▸ **Dataset excerpt**
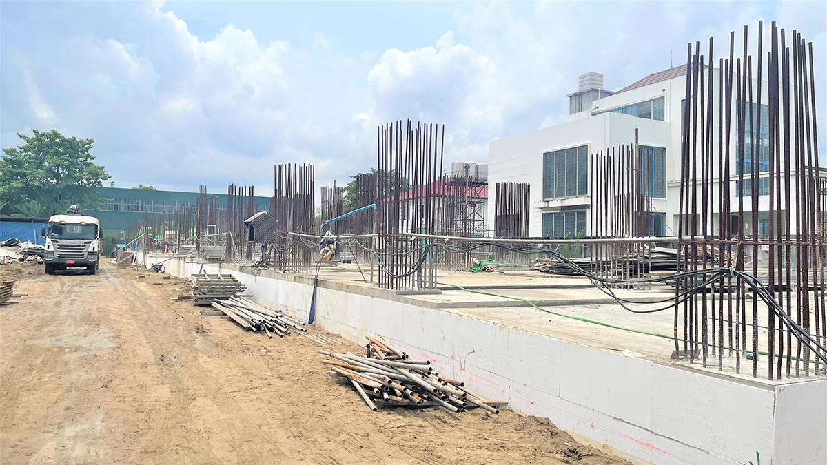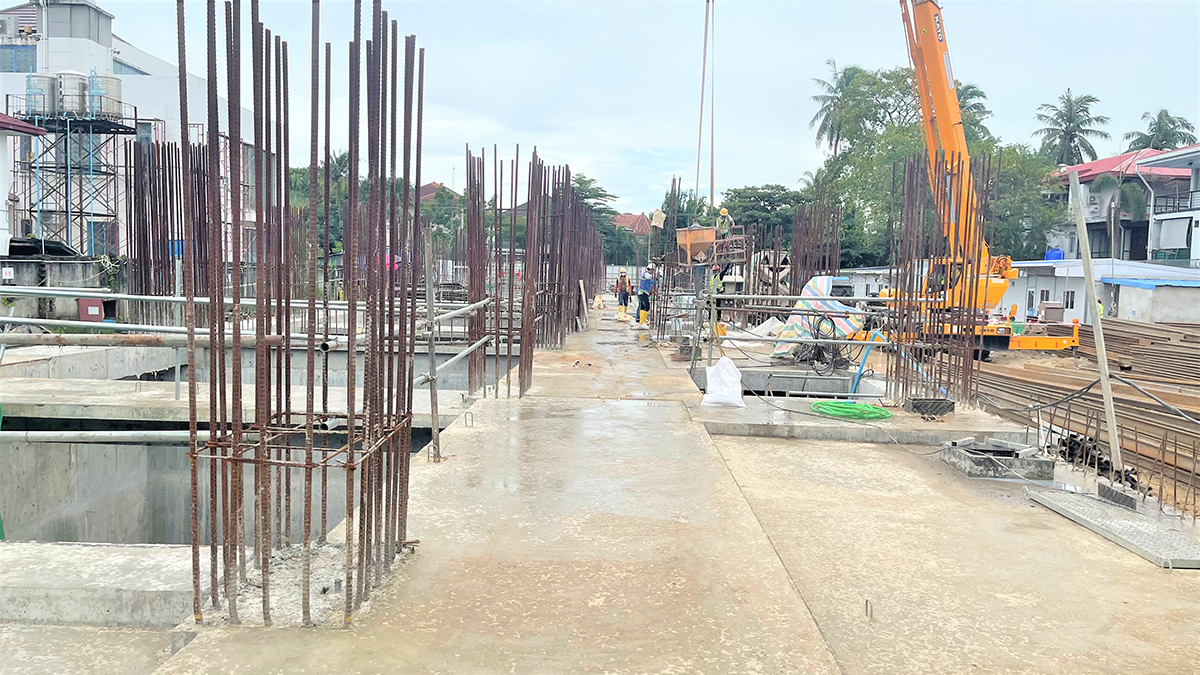 2021 年 8 月,缅甸 INVESTCORP 已完成所有楼板混凝土的施工、钢板桩拔出和 50% 的楼板梁模板拆除工作。 地下室墙外防水和地下室墙外填砂工作也已完成。,混凝土表面的修复和拆除模板后的清洁等其他工作也同时进行。
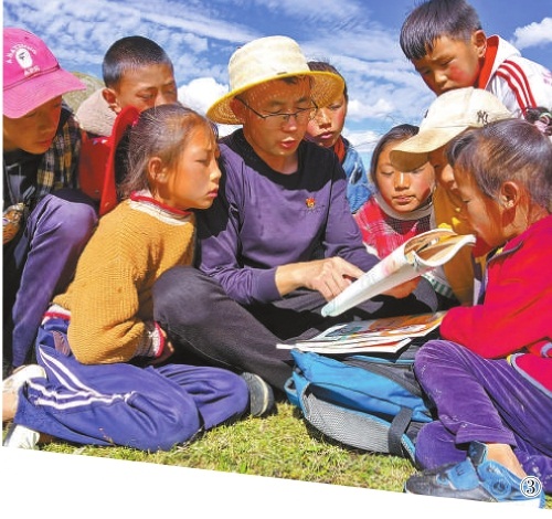 图③:日前,青海省果洛藏族自治州检察院派驻班玛县吉卡乡贡章村第一书记邢生旺组织驻村工作队队员为牧区学生送来一堂生动法治课。 本报记者李维 王丽坤 通讯员才周摄
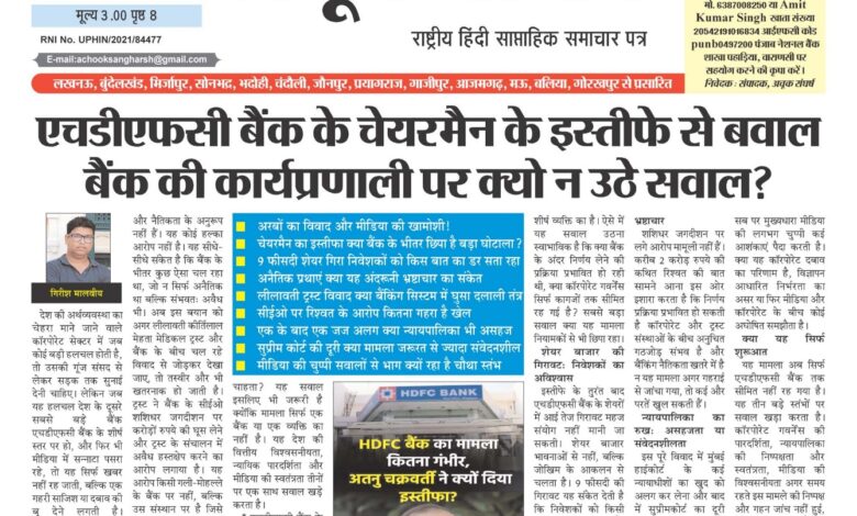 यह मामला अब सिर्फ एचडीएफसी बैंक तक सीमित नहीं रह गया है। यह तीन बड़े स्तंभों पर सवाल खड़ा करता है। कॉरपोरेट गवर्नेंस की पारदर्शिता, न्यायपालिका की निष्पक्षता और स्वतंत्रता, मीडिया की विश्वसनीयता अगर समय रहते इस मामले की निष्पक्ष और गहन जांच नहीं हुई, तो इसका असर बैंकिंग सेक्टर की साख और देश की आर्थिक छवि तीनों पर पड़ सकता है। इतने बड़े घटनाक्रम के बावजूद अगर सन्नाटा है, तो यह सन्नाटा खुद एक खबर है। यह मामला सिर्फ एक इस्तीफे या एक विवाद का नहीं, बल्कि उस पूरे सिस्टम का है, जो पारदर्शिता और जवाबदेही का दावा करता है। क्या नियामक संस्थाएं सक्रिय होंगी, क्या जांच एजेंसियां सच्चाई तक पहुंचेगी या फिर यह मामला भी फाइलों में दबकर रह जाएगा? क्योंकि सवाल सिर्फ इतना नहीं है कि चेयरमैन ने इस्तीफा क्यों दिया सवाल यह है कि क्या देश की वित्तीय व्यवस्था के भीतर कुछ ऐसा चल रहा है, जिसे हमसे छिपाया जा रहा है?

▸ **What needs to be done**
A faithful, picture-free copy of the material is what this task asks for.

▸ **Result for this task**
 2021 年 8 月,缅甸 INVESTCORP 已完成所有楼板混凝土的施工、钢板桩拔出和 50% 的楼板梁模板拆除工作。 地下室墙外防水和地下室墙外填砂工作也已完成。,混凝土表面的修复和拆除模板后的清洁等其他工作也同时进行。
 图③:日前,青海省果洛藏族自治州检察院派驻班玛县吉卡乡贡章村第一书记邢生旺组织驻村工作队队员为牧区学生送来一堂生动法治课。 本报记者李维 王丽坤 通讯员才周摄
 यह मामला अब सिर्फ एचडीएफसी बैंक तक सीमित नहीं रह गया है। यह तीन बड़े स्तंभों पर सवाल खड़ा करता है। कॉरपोरेट गवर्नेंस की पारदर्शिता, न्यायपालिका की निष्पक्षता और स्वतंत्रता, मीडिया की विश्वसनीयता अगर समय रहते इस मामले की निष्पक्ष और गहन जांच नहीं हुई, तो इसका असर बैंकिंग सेक्टर की साख और देश की आर्थिक छवि तीनों पर पड़ सकता है। इतने बड़े घटनाक्रम के बावजूद अगर सन्नाटा है, तो यह सन्नाटा खुद एक खबर है। यह मामला सिर्फ एक इस्तीफे या एक विवाद का नहीं, बल्कि उस पूरे सिस्टम का है, जो पारदर्शिता और जवाबदेही का दावा करता है। क्या नियामक संस्थाएं सक्रिय होंगी, क्या जांच एजेंसियां सच्चाई तक पहुंचेगी या फिर यह मामला भी फाइलों में दबकर रह जाएगा? क्योंकि सवाल सिर्फ इतना नहीं है कि चेयरमैन ने इस्तीफा क्यों दिया सवाल यह है कि क्या देश की वित्तीय व्यवस्था के भीतर कुछ ऐसा चल रहा है, जिसे हमसे छिपाया जा रहा है?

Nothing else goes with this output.